7 June 2006

Inmate Freed After 18 Years on Basis of DNA Evidence

By WILLIAM YARDLEY

HARTFORD, June 6 — Eighteen years ago, James Calvin Tillman was arrested on charges of raping and kidnapping a woman after she left a bar in downtown Hartford. For 18 years, he insisted that he was innocent. And on Tuesday, he was freed.

He had refused a plea deal, his family said, and was convicted and sentenced to 45 years in prison. His appeals failed. Distraught, he underwent psychiatric treatment in prison. He read the Bible and urged other inmates to read it, too. And, finally, in February 2005, he wrote to the Connecticut Innocence Project, which helps inmates who claim that they have been wrongly convicted.

The two public defenders who head the Connecticut Innocence Project located the victim's dress and pantyhose, which were collected as evidence in 1988, and had new DNA tests conducted. They found no match between Mr. Tillman and semen on the clothing. Based on that test, a judge in State Superior Court vacated his conviction on Tuesday and ordered a new trial. After the court session, Mr. Tillman's lawyers speculated that the charges would be dropped. The chief state's attorney, Christopher L. Morano, said, "There are still some loose ends that need to be tied up and need to be examined," a reference to an additional DNA test, and would not say whether he thought the case would go to trial again.

Mr. Morano said the case was the first in the state in which DNA evidence had "cast doubt" upon a conviction.

At least for now, Mr. Tillman is out of prison. Less than two hours after Judge Thomas P. Miano ordered that he be released without bail, the elevator doors in the lobby of the criminal courthouse on Lafayette Street opened and there was Mr. Tillman, 44, stepping out slowly, leaning on a cane as he made his way to an ecstatic woman in white, his mother, who called out to him and to Jesus.

"Thank the Lord!" said his mother, Catherine Martin, swallowing Mr. Tillman in her arms in front of his brother, a cousin, a couple of friends, his lawyers and a few reporters. "Thank you, thank you, thank you, Father! Jesus! Thank the Lord!"

Moments later, Mr. Tillman, stocky and bald, with a silver cross hanging from a chain around his neck, walked out of the courthouse and faced a wall of cameras and microphones. The first words he said were: "Praise the Lord. Thank you, Jesus."

Faith, he said, got him from 1988 to 2006. Science, he said, got him out.

"I was innocent all along so I just kept my faith and let science be science," he said, after thanking the public defenders, Karen A. Goodrow and Brian S. Carlow.

Mr. Tillman was arrested after a woman identified him from a photo as the man who abducted her as she was getting into her car not far from the Arch Street Tavern in downtown Hartford. The woman said Mr. Tillman drove her a short way, then stopped the car, beat her, raped her and ran away.

A chemical analysis of semen found on the woman's clothing — done before DNA testing was available — showed a match to certain characteristics of Mr. Tillman's semen, and prosecutors used that to support the victim's account. But the technology is not as sophisticated as DNA testing, Mr. Carlow said Tuesday, noting that the semen could have matched that of up to 20 percent of the male population.

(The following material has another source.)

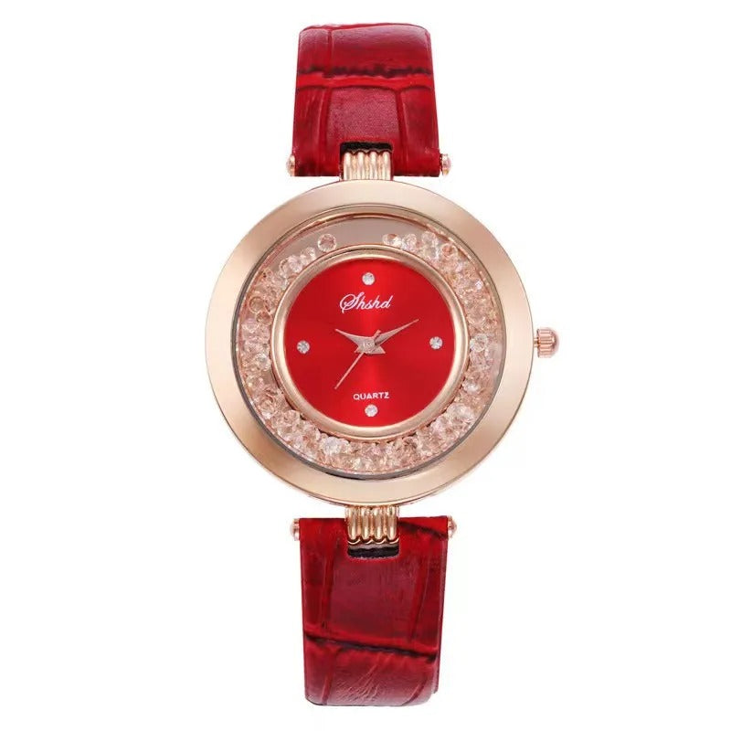 Wir präsentieren die Erica - Quarzuhr mit Lederarmband - ein Symbol für Eleganz und Raffinesse. Diese exquisite Damenuhr strahlt mit ihrem aufwendigen Design und der Liebe zum Detail Luxus aus und ist das perfekte Accessoire für anspruchsvolle Frauen.

Mr. Tillman protested his innocence. At one point, according to his mother and his brother, Willie Lee Tillman, 45, he rejected a plea deal that would have sent him to prison for eight years. In 1989, Mr. Tillman was convicted and sentenced to 45 years in prison for rape, kidnapping and other charges.

Mr. Carlow and Ms. Goodrow said it took them several months to track down the evidence collected in 1988. New DNA testing this spring showed no link to Mr. Tillman, although one more test has been ordered on a sample from the dress. Ms. Goodrow said the DNA on the clothing has not been matched to anyone else.

Judge Miano emphasized that the new DNA evidence did not suggest that a crime had not been committed by someone, only that eyewitness accounts can be devastatingly inaccurate.

"The court finds that if this new evidence were proffered in a new trial that it's likely to produce a different result at such trial," the judge said.

The prosecutor in the 1988 case, Edward R. Narus, also represented the state in court on Tuesday. Mr. Morano, the chief state's attorney, praised Mr. Narus for cooperating with the defense by agreeing to the request for a new trial.

Mr. Carlow and Ms. Goodrow did not criticize the way prosecutors handled the case. "In 1988, it was much more compelling evidence then than it is today," Mr. Carlow said of the semen testing.

Leaving the courthouse, Mr. Tillman stepped carefully over curbs and medians on his way to his mother's car, which blasted gospel music the moment she turned the key. His family said that he hurt his leg in prison, and that it became infected.

Asked how the green grass and fully leafed trees looked, after his more than 18 years behind bars, Mr. Tillman said, "Just beautiful."